The phone booth closed in on me. I needed air and wanted to throw up. I pushed the little door open and spilled out, the pigeons scattering. River had been arrested for something I’d done. No, for something Grandma had done.
“But it was an accident, darling,” Grandma said. “The police are just fishing.”
“Well, I need to fix this.”
The bus would be leaving in the morning, but I couldn’t go home now.
“They’ll have to let him go,” Grandma said. “Let’s just wait for the bus.”
Bent over, hands on my knees, I tried to catch my breath.But whatif—?I dared to imagine.What if River turnsme in?
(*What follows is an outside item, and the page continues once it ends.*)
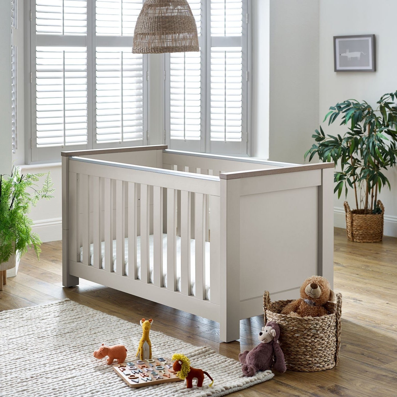 The Bordeaux Oatmeal cot bed offers a 3-position base, teething rail and effortlessly adapts from a cosy newborn crib to a stylish toddler bed, ensuring longevity beyond the early years.

“Darling, you and he are kindred spirits, he wouldn’t do that.”
“Grandma, you and I couldn’t be more kindred, and look at the mess you’ve gotten me into.” I stood straight, noticing a skeletal homeless man staring at me. Surely, he’d seen plenty of strange people talking to themselves, so I couldn’t be any different. “I need to find River. I’m going to turn myself in. I’ll explain how it was in self-defense.”
“That’s not a good idea.”
“Sir, where’s the police station?” I asked the poor man, handing him my coins.
About half an hour later, I trudged up a slight incline toward the Tenderloin Police Precinct. Classy apartment buildings lined the streets with a mix of houses that looked as if they were run by slumlords. Walls of graffiti-plastered seedy bars and hotels sprouted up on either side of the street as well as plenty of liquor stores and little markets. People doing drugs in broad daylight, I stepped over cigarette butts and used needles and syringes tossed onto the sidewalks. I sidestepped an emaciated, ropy-haired junky and a vacant-eyed prostitute hanging out underneath a giant pink leg suspended over a sign advertising “Live Nude Girls.” The whole street nauseated me with the smells of rotten garbage, vomit, pee, and poop. I wanted to take a shower and burn my shoes and clothes, but first I wanted to find River. And then some creepy guy with shocking wild hair who was wearing tattered rags grabbed me by the shoulder, but I kicked him in the shins and took off running.
As I neared the police station just around the corner, I stepped into a laundromat to catch my breath and look for a bathroom. I followed a sign for one in the back where someone camped out on the floor at the entrance. Inside a filthy restroom, I didn’t recognize my guilty face as I looked into a smudged cracked mirror. I reached into my pocket for my matches. Lighting one, I blew it out and then used the black sulfur to line my eyes like River had taught me. I wanted to look older.
But as soon as I walked out and turned the corner, I felt like a scared little girl again. Headed toward the police station, I’d stepped back into my childhood, back to the Glendale Police Department where they’d been holding my father for driving drunk for something I used to think I’d caused. Never mind what he’d done to us at home before he drove off and crashed into the “Welcome to Glendale” sign on Verdugo. And now here I was again, but this time I was here for River and for something I’d caused. I would turn myself in.
Sucking in a breath of courage, I approached the counter and stared into the balding head of a clerk bent over some paperwork. I cleared my throat. “Excuse me, sir?”
Without lifting his shiny dome, he peeked up over his glasses and furrowed his caterpillar dark eyebrows like he didn’t want to lose his place, like he didn’t have time for me.
“I’m looking for Riv—I mean Levi Smith. Is he being held here?”
He pushed back in his chair, looked around his desk, and then under it. “I don’t see him here. Do you?”